3.5.2. SGCD in Specialized Settings with Lemma Injection
In specialized settings with lemma injection, SGCD solves more diﬃcult problems, including the
1.00-rated LCL073-1 [17]. With or without lemma injection it outperforms Vampire [52] (without
lemma injection 285 vs. 263 solutions for the 312 problems considered in [17]; with lemma
injection 289; Vampire, when given lemmas obtained from SGCD is boosted from 263 to 285
solutions). For an overall comparison of SGCD with and without lemma injection with various
provers, invoked with and without lemmas provided by SGCD, see http://cs.christophwernhard.
com/cdtools/exp-lemmas/lemmas.html. An excerpt of this table is reproduced in [53, App. E].

3.5.3. SGCD in Purely Goal-Driven Configurations
In purely goal-driven conﬁgurations SGCD is indeed very similar to the CM-CT provers and
can solve roughly the same TPTPCD problems. In two purely goal-driven conﬁgurations SGCD
solves 89 of the 196 TPTPCD problems, compared to 92 solvable by various CM-CT provers
according to previously reported experiments. With 86 problems, the overlap of problems
that are solved by both SGCD and CM-CT provers is rather large. See [38, Sect. 4.2] and
http://cs.christophwernhard.com/cdtools/exp-tptpcd-2022-07/table_3.html. The 92 solutions
by CM-CT provers could be stretched to a superset of 96 solutions, obtained by CMProver in
nine conﬁgurations in an experiment with a longer timeout of 1 hour per problem and prover
conﬁguration. Also the well-known leanCoP 2.1 [6] was tried. With a single exception, the
196 TPTPCD problems are provided in the TPTP CNF format, which is not accepted by leanCoP,
such that we had to take conversions to TPTP FOF format (with axioms and goal conjecture
distinguished). Experiments with a 1 hour timeout per problem led to 72 or 51 solutions,
depending on whether the major or minor subgoal appears ﬁrst in axiom Det in the FOF input.

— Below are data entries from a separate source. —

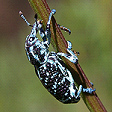 Carya species are attacked by the Painted Hickory Borer (Megacyllene caryae). The adult dark brown beetle has obvious zig zag lines on its wing covers and the lava is cream coloured, both up to 20mm long. The lava tunnels the sapwood of living trees causing ring barking and also tunnels dead trees.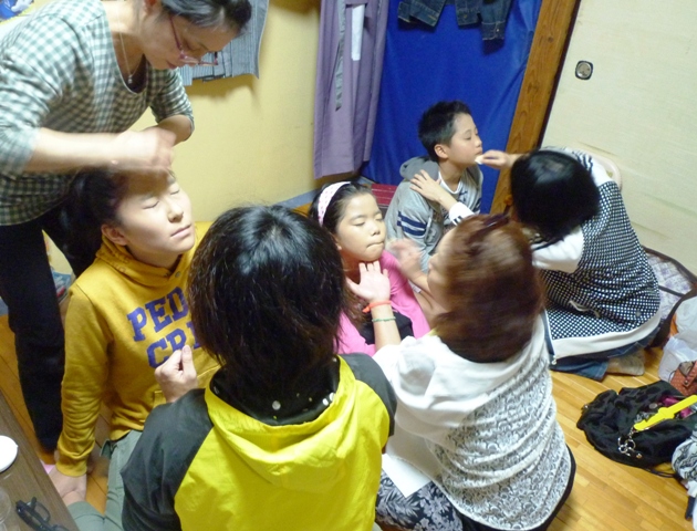 今回は式見ふるさとまつりを目前にして、舞台用化粧のお稽古でした。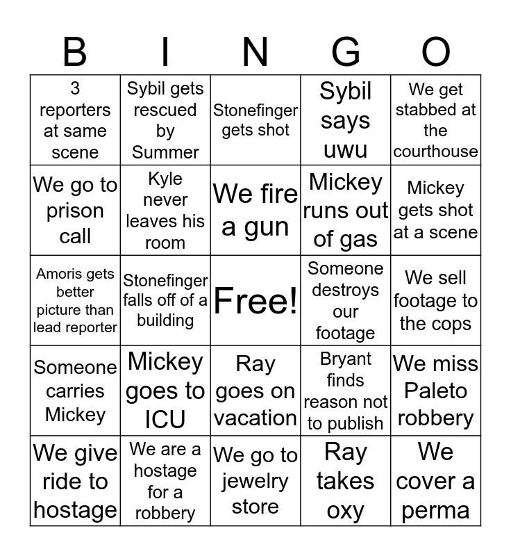 This bingo card has a free space and 24 words: Mickey goes to ICU, We are a hostage for a robbery, We fire a gun, We give ride to hostage, We get stabbed at the courthouse, 3 reporters at same scene, We go to prison call, Sybil gets rescued by Summer, Someone destroys our footage, Ray goes on vacation, Mickey runs out of gas, Amoris gets better picture than lead reporter, Bryant finds reason not to publish, We miss Paleto robbery, Kyle never leaves his room, Ray takes oxy, We sell footage to the cops, Stonefinger gets shot, Mickey gets shot at a scene, Stonefinger falls off of a building, We cover a perma, Someone carries Mickey, Sybil says uwu and We go to jewelry store.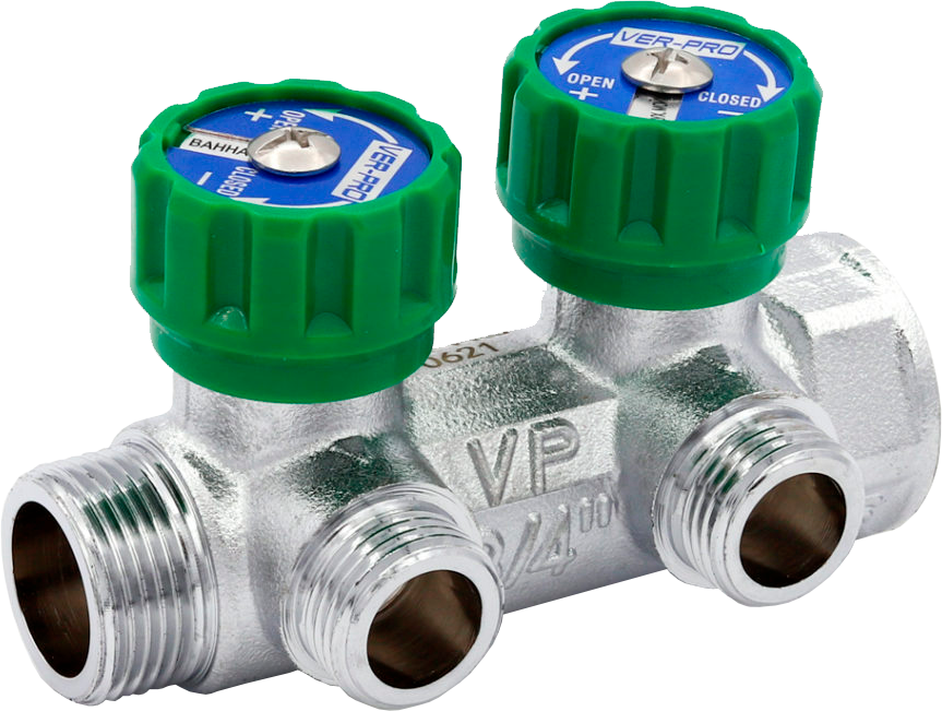 ViEiR Коллектор с регулировочными вентилями 3/4"х1/2" (TP) 2 выхода VER402-A - это универсальный распределительный коллектор диаметром 3/4, оборудованный вентилем на каждом выходе для плавной регулировки мощности потока воды. Оснащен отверстиями на 2 выхода диаметром 16 мм. Выходы на 1/2 дюйма.

3.5.4. SGCD for Theorem Finding
In purely axiom-driven conﬁgurations SGCD can perform theorem ﬁnding. It ﬁnds proofs
of Łukasiewicz’s 68 Theses in a single run in 2.5 minutes. These theses from a textbook by
Łukasiewicz were used extensively with OTTER [54] by Larry Wos [25, 26, 27, 28]. They could
be solved by OTTER in a single run after the introduction of weight templates [25, 27]. In [28]
the focus was ﬁnding proofs with small compacted size for sets of goals, subsets of the theses
that represent axiom systems. With respect to compacted size, the proofs obtained in our brief
experiments cannot compete with the carefully developed proofs from [28]. However, the tree
size of our proofs is for all considered axiom systems smaller. See [38, Sect. 4.3].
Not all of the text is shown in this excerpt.